I was in town later and on a whim I went to see what modern nature writers were saying about Wren. The Complete Book of Garden birds, with David Daley’s lovely water colours, devotes as much space to Wren as it does to Hawfinch. This parity is not mirrored I suspect by most birders with the current influx of hundreds of Hawfinches to the country.
After that other writers expressed Wren as a tut-tutter, unmistakeable and a list padder. Repetition of the volume of song from such a small bird began to bore me. Why has all the observant creative writing been lost to repeating things others have already said. No wonder children are not engaged.

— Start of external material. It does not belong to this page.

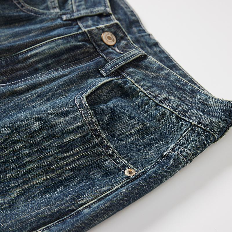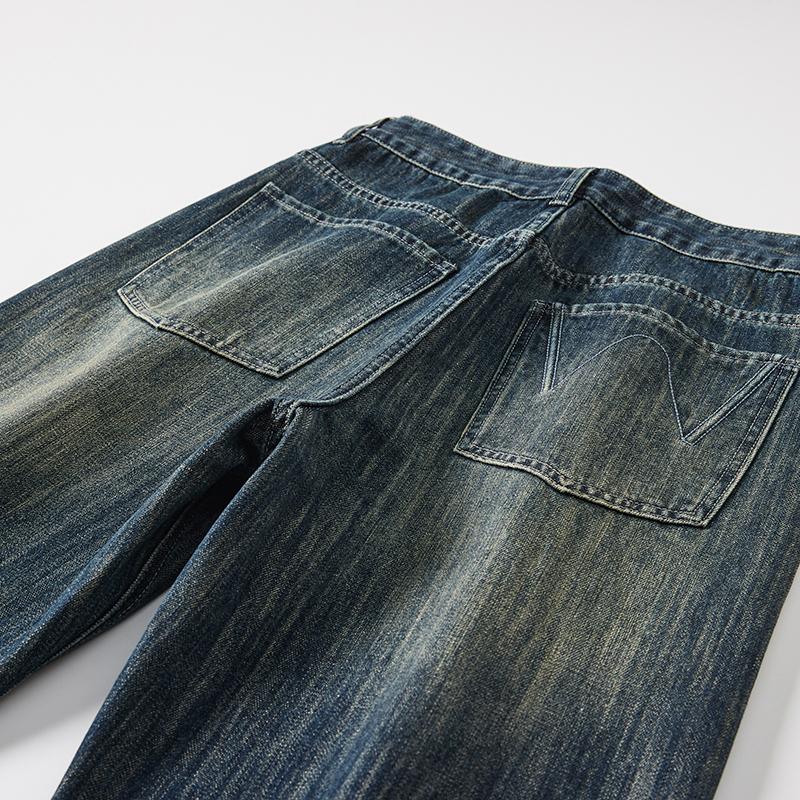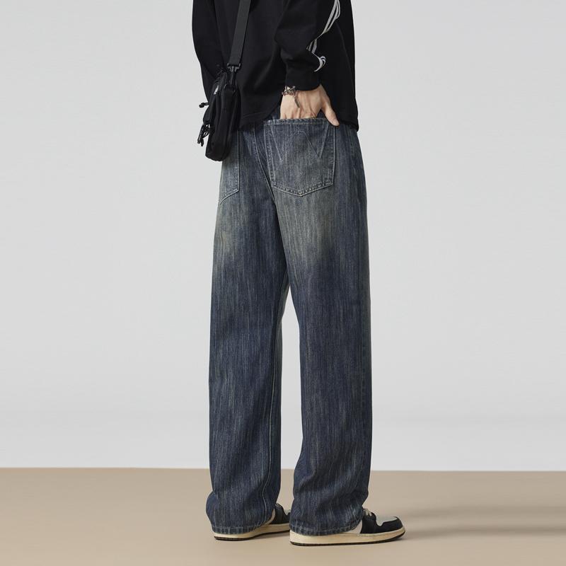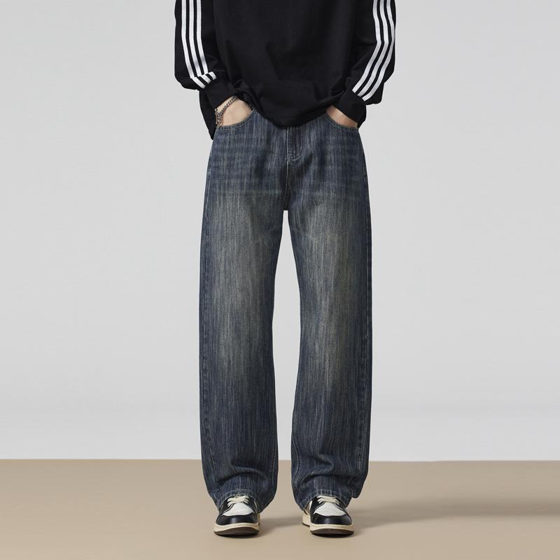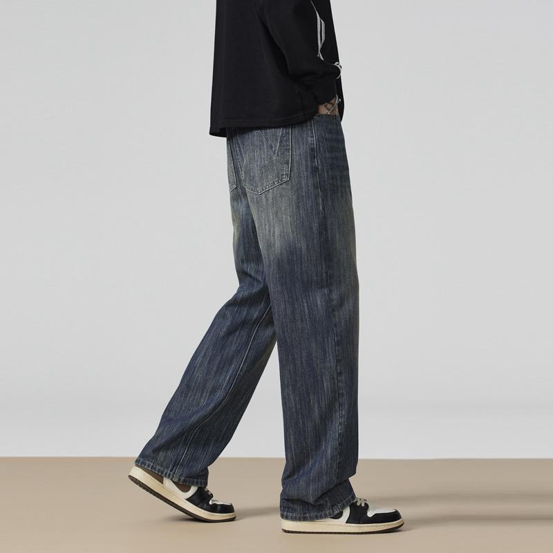 3. 【YS2694】潮牌復古竹節紋棉簡約基礎百搭水洗寬鬆牛仔褲

I turned to go and at the top of the stairs was a copy of Macfarlane and Morris’s Lost Words. Having seen Wren being painted and spoken, would the book live up to expectations. These are spells to engage children with things we are losing. Important things and Wren is there as its own page and hidden amongst the other leaves too.
This is what I am searching for. Wren, an active verb as well as a hidden noun. Here was the project. Why? may be a different question.
The facts may already be known, but not to me. At 9 grams it is the weight of a £1 coin. How has it successfully covered the Northern Hemisphere?